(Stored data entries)
* * *

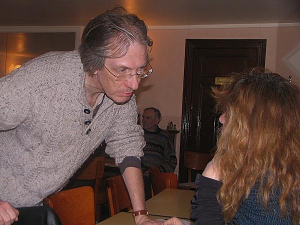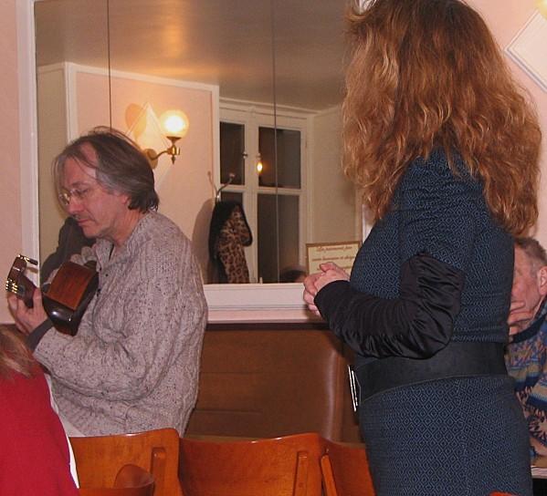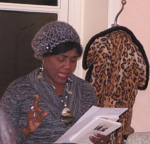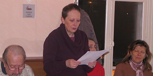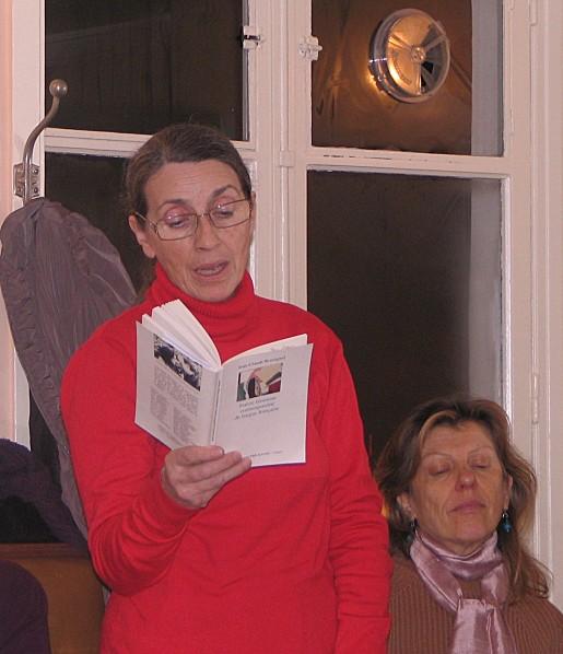 ORSZULAK lit un de ses poèmes; au fond, à droite, Victoria THERAME.
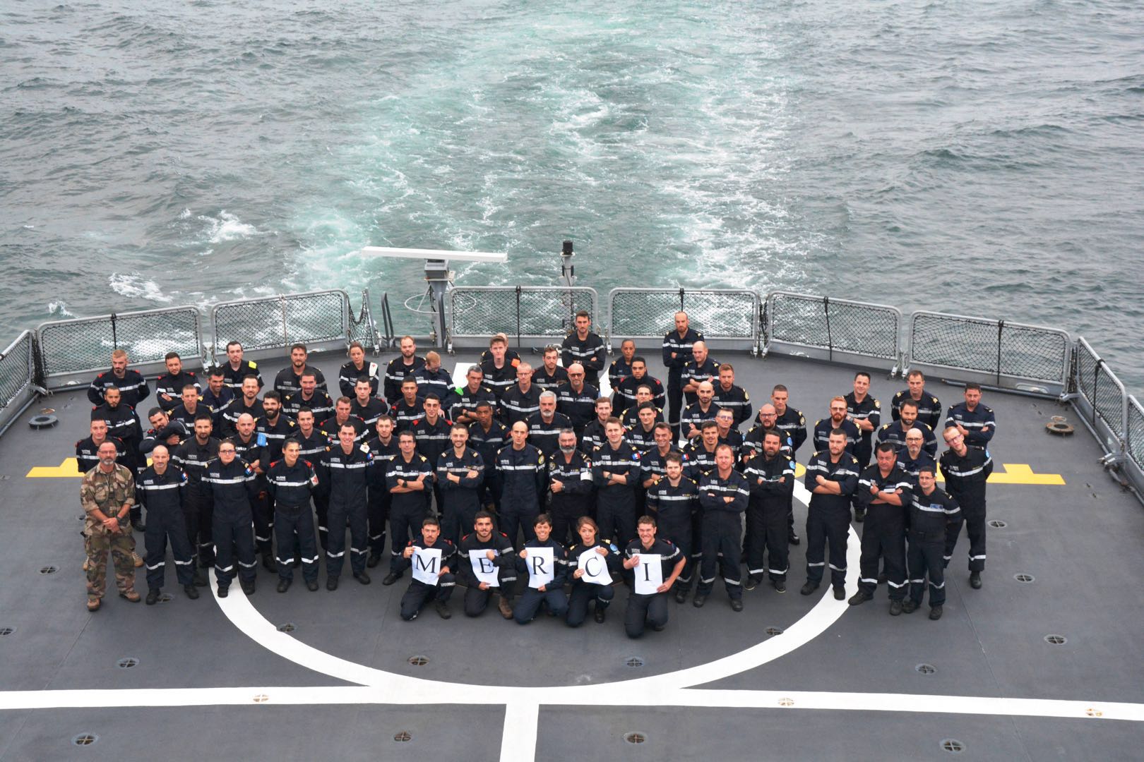 但是,艦上的海員還是給了大家一個浪漫的回禮: “Merci”( 謝謝!)
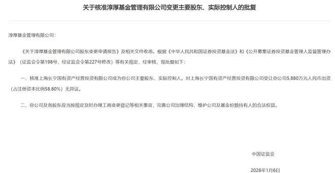 2026-01-14交易所,交易所排名,交易所排行,加密货币是什么,加密货币交易平台,加密货币平台,币安交易所,火币交易所,欧意交易所,Bybit,Coinbase,Bitget,Kraken,全球交易所排名,交易所排行2026年1月6日,证监会批复,上海长宁国有资产经营投资有限公司(下称“长宁国资”)出资5880万元,拿下淳厚基金管理有限公司(下称“淳厚基金”)58.8%的股份,成为其主要股东、实际控制人。
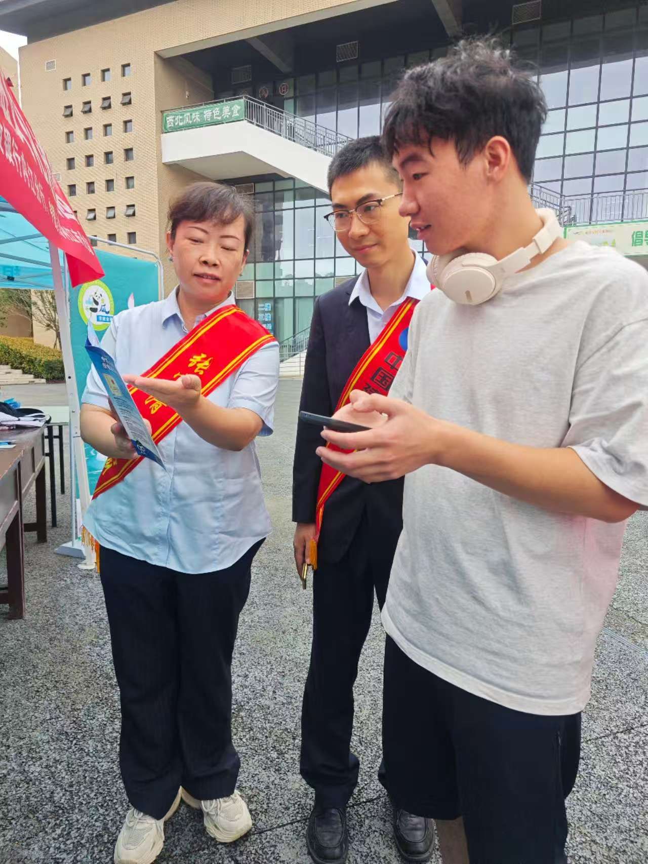 参观学习结束后,基地、经济与管理学院、中国人寿内江分公司与中国建设银行内江分行的宣传人员来学校一食堂外广场精心布置宣传展位。图文并茂的展架、醒目有力的宣传标语,吸引了同学们的目光。宣传人员积极向同学们发放清廉金融文化宣传折页,耐心解答疑问,并邀请大家扫码参与清廉知识线上测试,现场互动氛围浓厚。同学们踊跃参与,或驻足细读展板内容,或认真思考测试题目,在轻松的氛围中学习清廉知识,感悟廉洁文化。活动中,宣传人员结合金融行业特点,向师生们深入浅出地阐释了中国特色金融文化“五要五不要”的核心精神理念,让廉洁从业的种子在青年学子心中悄然萌芽。
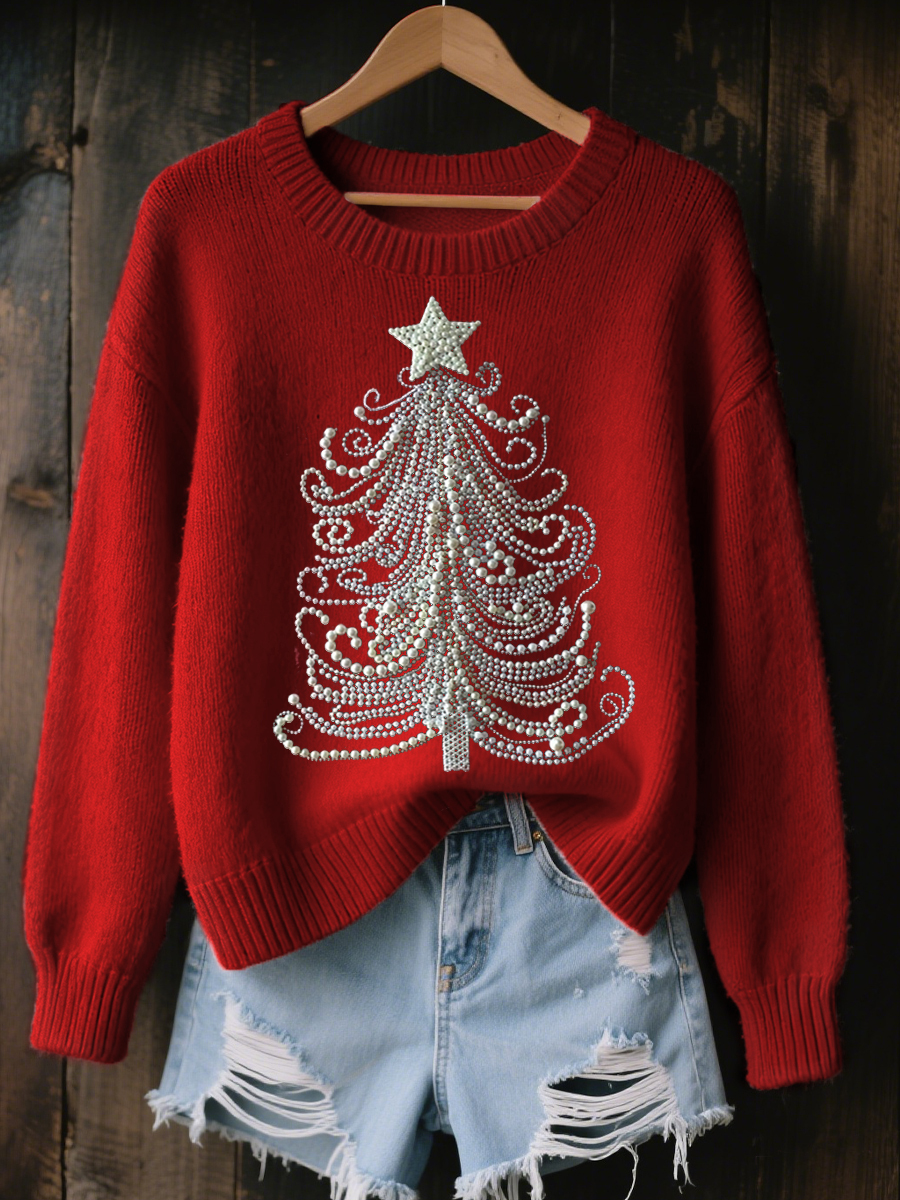 Women's Jewelry Art Christmas Tree Pattern Cozy Knit Sweater
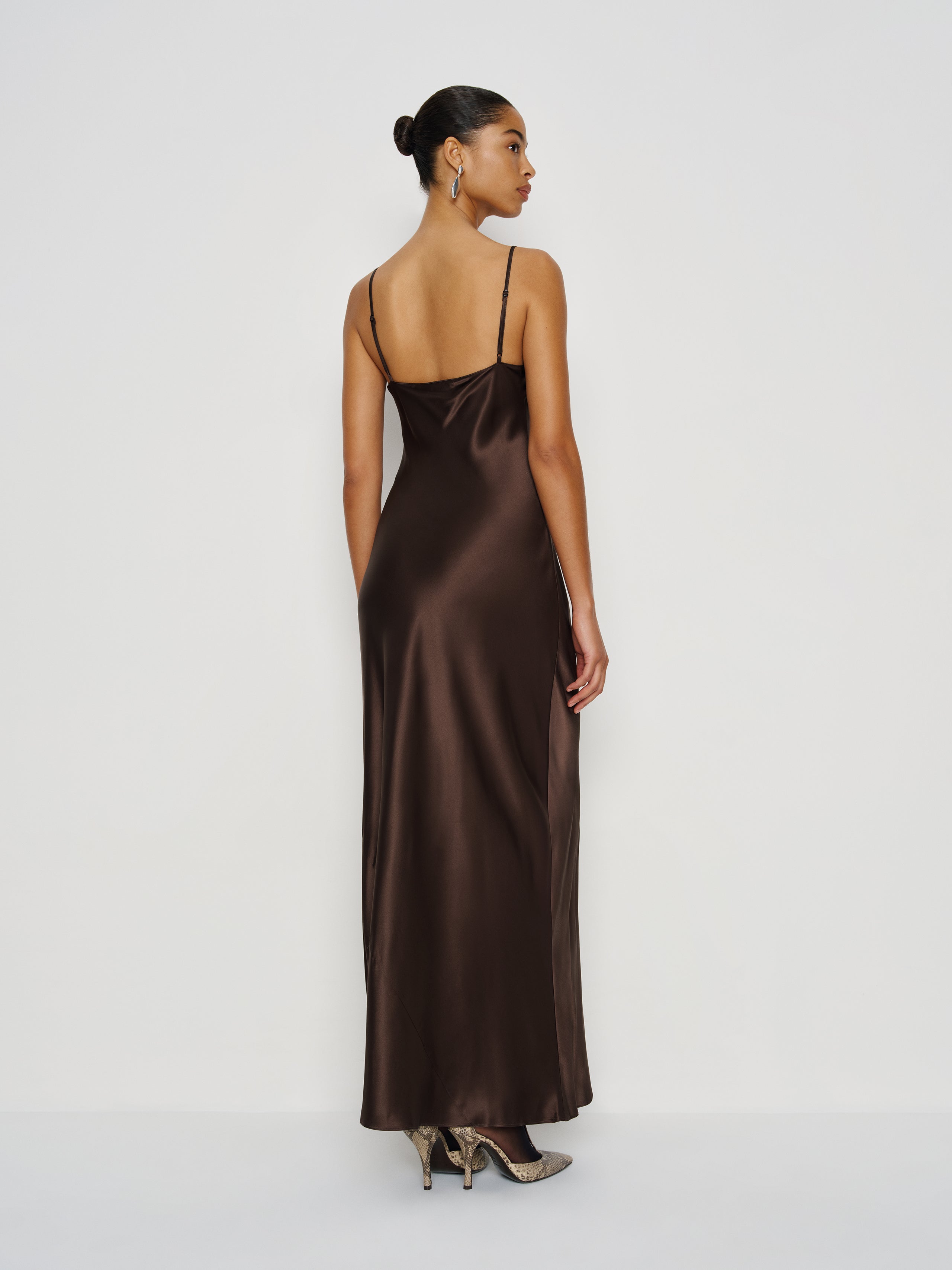 Someone's fancy. The Parma is a long, ankle length slip dress that's slim fitting throughout. It has...
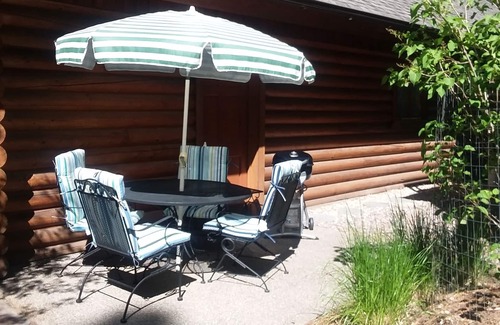 This immaculate, quiet guest apartment, which comprises the second story of our log garage, can be rented for a minimum 2 night stay. We also welcome guests for longer stays at significantly reduced weekly and monthly rates. We provide a short-term lease agreement, requiring a damage deposit, for extended stays. We are located minutes from downtown Hamilton (walkable to town and to the river) in a quiet, park-like setting in the foothills of the Bitterroot Mountains. The guest quarters features a large family/game room with two convertible beds, Comfy Sack lounger, fold-up ping-pong table, Wi-Fi, TV, Quadra-Fire gas stove, and two opening skylights. Fully equipped kitchenette contains several countertop appliances, dishes and utensils, as well as convection, microwave, and toaster ovens. Under the counter refrigerator/freezer plus separate larger refrigerator/freezer in mudroom. The large bedroom boasts a queen bed, sitting area, desk, private balcony, its own Quadra-Fire gas stove, and through-wall air conditioner. Outside, you can enjoy your own patio with table and chairs and a bbq grill.
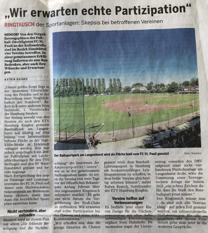 Sehr überraschend sind am Freitag, den 28. Januar 2022 die Baseballvereine Hamburg Stealers e.V. und ETV Hamburg Knights sowie die…

* * *

__Work instruction__.
Your response must consist of the lines from the beginning of the data through the line containing "2026-01-14交易所,交易所排名,交易所排行,加密", transcribed exactly, with no pictures.

__Answer for this exercise__.
 ORSZULAK lit un de ses poèmes; au fond, à droite, Victoria THERAME.
 但是,艦上的海員還是給了大家一個浪漫的回禮: “Merci”( 謝謝!)
 2026-01-14交易所,交易所排名,交易所排行,加密货币是什么,加密货币交易平台,加密货币平台,币安交易所,火币交易所,欧意交易所,Bybit,Coinbase,Bitget,Kraken,全球交易所排名,交易所排行2026年1月6日,证监会批复,上海长宁国有资产经营投资有限公司(下称“长宁国资”)出资5880万元,拿下淳厚基金管理有限公司(下称“淳厚基金”)58.8%的股份,成为其主要股东、实际控制人。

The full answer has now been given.